To study the hydroforming of their optical mirrors, the Laboratoire d’Astrophysique de Marseille (LAM), a public institution and astrophysics lab from the French National Center for Scientific Research (CNRS), turned to MSC Software’s Marc Nonlinear FEA analysis software.

Free-formed mirrors allow for a shape more complex than traditional telescopic mirrors, such as parabolas and hyperbolas. The mirrors therefore provide more degrees of freedom, allowing for improved performance and a reduction in the mass and size of the final instrument. However, they are traditionally made using computer controlled diamond point turning, which is costly and time consuming.


Optical mirror hydroforming process.

Hydroformed mirrors are key to the future of astronomical telescopes. The process uses a 10 MPa clamp, a mold, and fluid at a high pressure (45 MPa).

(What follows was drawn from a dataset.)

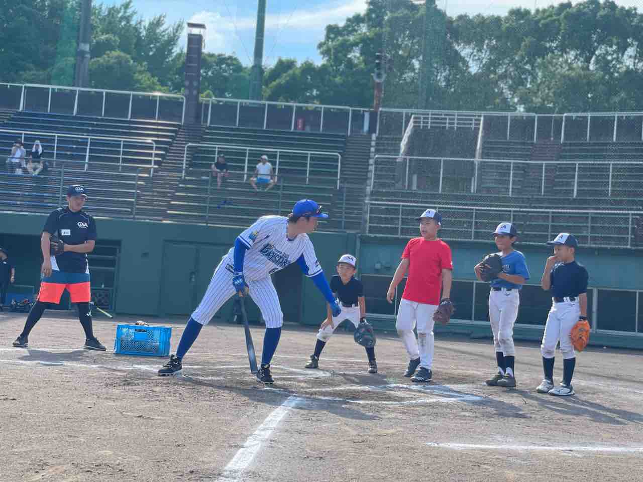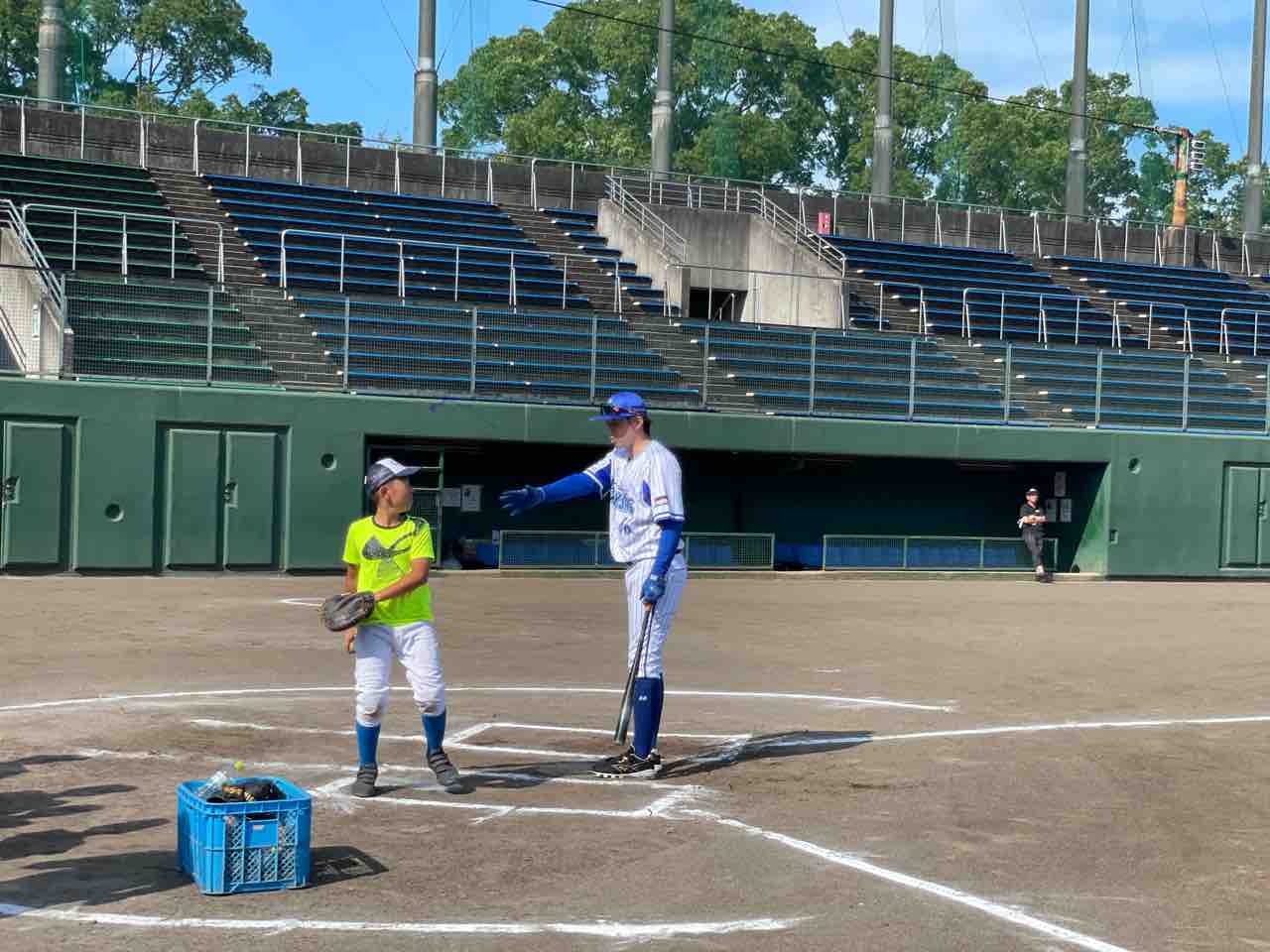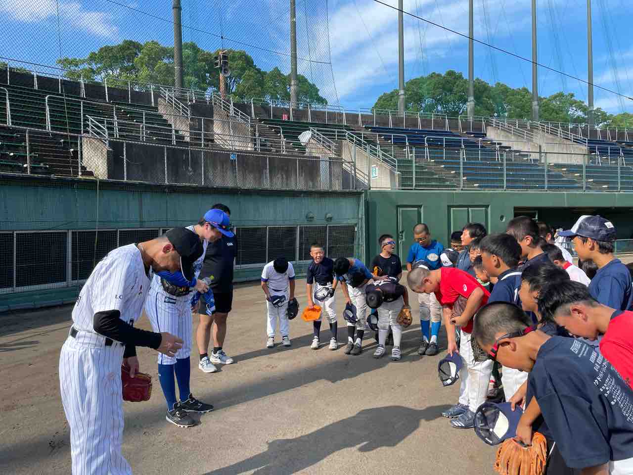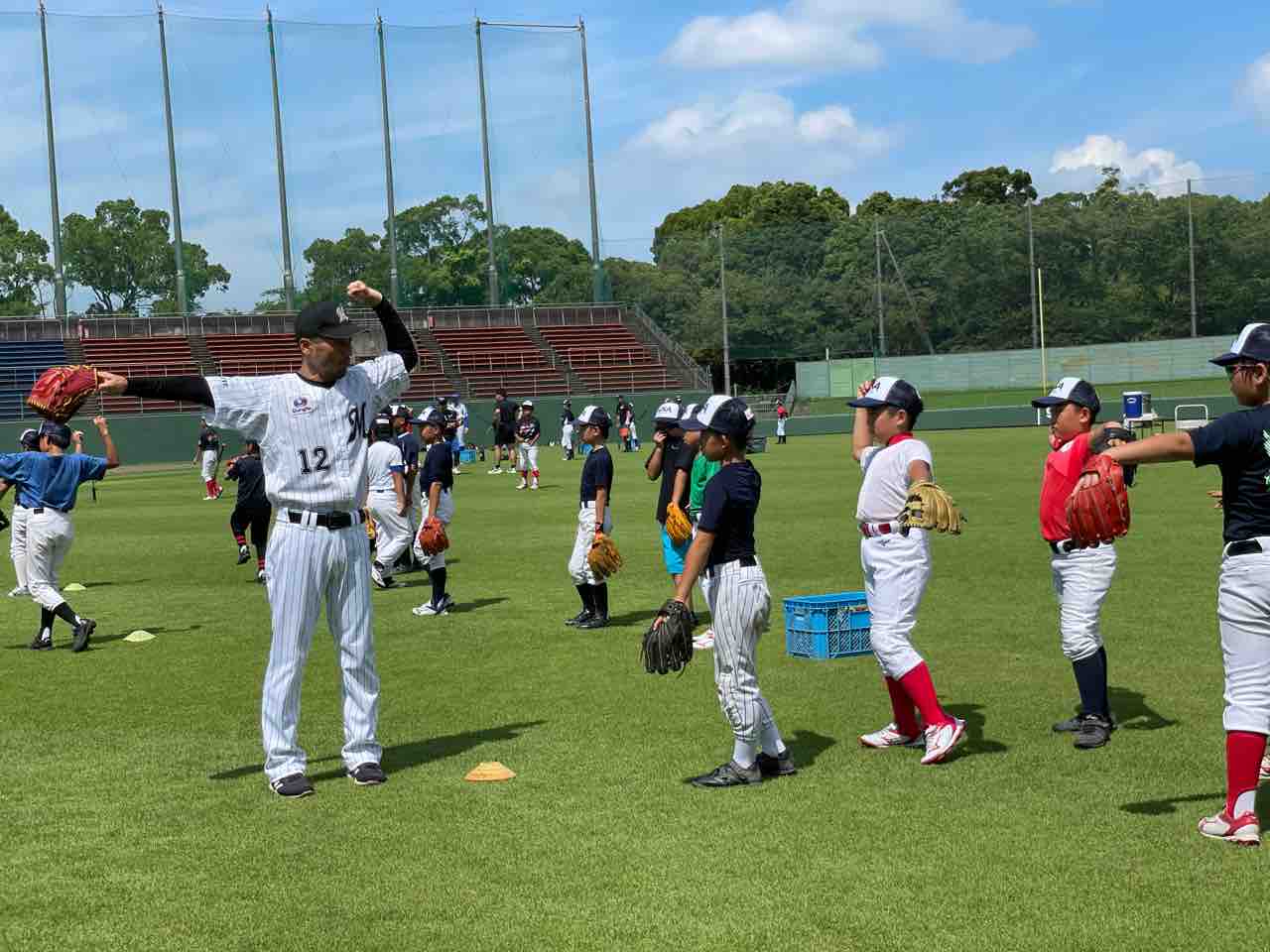 本日ご指導くださるのは、元千葉ロッテマリーンズの藤田宗一コーチと元横浜DeNAベイスターズの西森将司コーチです。

The fluid applies force to the optical surface to deform the mirror into its final form. As the mirror surface doesn’t come into contact with mechanical tools, the surface of the mirror is of higher quality. Another benefit of the process is the reduced cost and time to produce a mirror with the required tolerance.

As the mirror experiences plastic deformation, however, the process is hard to optimize thanks to the nonlinearities of the material and geometry. As part of their solution, CNRS-LAM used Marc FEA analysis to optimize the process, determining residual errors and observing the spring back effect of the mirror. Marc’s fine tuning optimization proved to simulate a process which closely matched experiments with respect to error budgets in the order of micrometers, a precision needed for astronomical optics. Marc is also able to take into account the changing strain and Young Modulus of the material. CNRS-LAM and MSC suggest it is best to use a 2D and axisymmetrical calculation (or 3D down the line).

According to CNRS-LAM post-doc, Zalpha Challita, “We selected Marc to analyze the hydroforming process because Marc has demonstrated the ability to provide accurate results in problems involving complex nonlinear changes in geometry and materials properties … Marc demonstrated the ability to accurately model the hydroforming process and will be used extensively going forward.”


Case study: final mirror shape vs mold shape.

Challita adds, “These experiments are innovative because for the first time plastic deformation and hydroforming has been used to produce optical mirrors dedicated to astronomy instrumentation … The highly complex material and geometrical nonlinearities involved in plastic deformation of materials make it essential that accurate and iterative modeling of the process be performed in advance to determine the required mold shape to achieve the desired optical form.”

LAM is one of Europe’s leading astrophysics research facilities, and one of its fundamental research areas is the instrumentation needed for astrophysics research. No surprise then that the lab is also one of only a handful of French labs qualified to produce space mission quality instrumentation. Its joint research with CNRS and Aix-Marseille University includes 75 engineers, technicians and administrative staff who support 50 researchers, 18 doctoral students, 15 post docs and 20 contract employees.